5. A system according to claim 4 wherein when one or more of the instruments associated with the container are not in the container, the output device further lists which of the instruments are missing from the container.

6. A system according to claim 4 wherein if one or more instruments not associated with the container are detected in the container the output device further lists which instruments are improperly in the container.

7. A system according to claim 3 wherein each of the instruments is identified by its type.

8. A system according to claim 3 wherein each of the instruments is identified with a unique identifier.

9. A system according to claim 1 wherein the tags are RFID tags and the tag reader is an RFID tag reader.

10. A system according to claim 1 wherein the tag reader is located on the container.

11. A system according to claim 1 wherein the tag reader is provided on a unit separate from the container.

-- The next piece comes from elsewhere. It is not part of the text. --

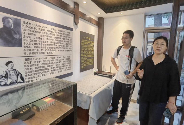 故址志愿者刘力老师热心为同学们担任解说员。“天倪庐”进门右侧是“时务学堂旧址陈列馆”,馆内陈列着时务学堂的沿革历史与杰出师生的事迹。步入时务学堂陈列室,扑面而来的便是无边震撼。谭嗣同,蔡锷,黄遵宪,一个个在近代史上留下印记的名字,原来他们与这湖南第一所新式学堂竟有着如此渊源。时务学堂当时的老师方阵堪称“教授天团”。梁启超任中文总教习,李维格任西文总教习。李维格曾留学英国,后协助盛宣怀办理洋务,后专力经营汉阳铁厂与汉冶萍煤铁矿公司,为我国钢铁工业的先驱之一。中文分教习为韩文举、叶觉迈、欧榘甲、唐才常;西文分教习为王史、许应垣;数学教习许奎垣;舆地分教习邹代钧;体操分教习杨福严。这些分教习也是一时之翘楚。

12. A method for holding and tracking medical instruments, the method comprising:

associating one or more of the medical instruments with a container and storing that association within a control system associated with the container, each of the medical instruments bearing a machine readable identification tag bearing information about itself;

querying a contents of the container with a tag reader to identify which instruments are therein; and

determining whether the container contains each of the instruments associated with the container and only those instruments and outputting that determination to a user.

13. A method according to claim 12 wherein a plurality of the instruments are associated with the container and the method includes the step of informing the user whether all of the instruments are properly within the container.

14. A method according to claim 13 and further including the step of when one or more of the instruments associated with the container are not in the container, informing the user which of the instruments are missing from the container.

15. A method according to claim 14 and further including the step of if one or more instruments not associated with the container are detected in the container informing the user which instruments are improperly in the container.

16. A method according to claim 12 wherein each of the one or more instruments is identified by its type.

17. A method according to claim 12 wherein each of the one or more instruments is identified with a unique identifier.

18. A method according to claim 12 wherein the tags are RFID tags and the tag reader is an RFID tag reader.

19. A method according to claim 12 wherein the instruments comprise a set designed for a medical procedure and the method includes the step of making sure each of the instruments of the set are placed into the container prior to the procedure.

20. A method according to claim 19 wherein the method further comprises the step of ensuring that each of the instruments in the set which are reusable are returned to the container after the medical procedure.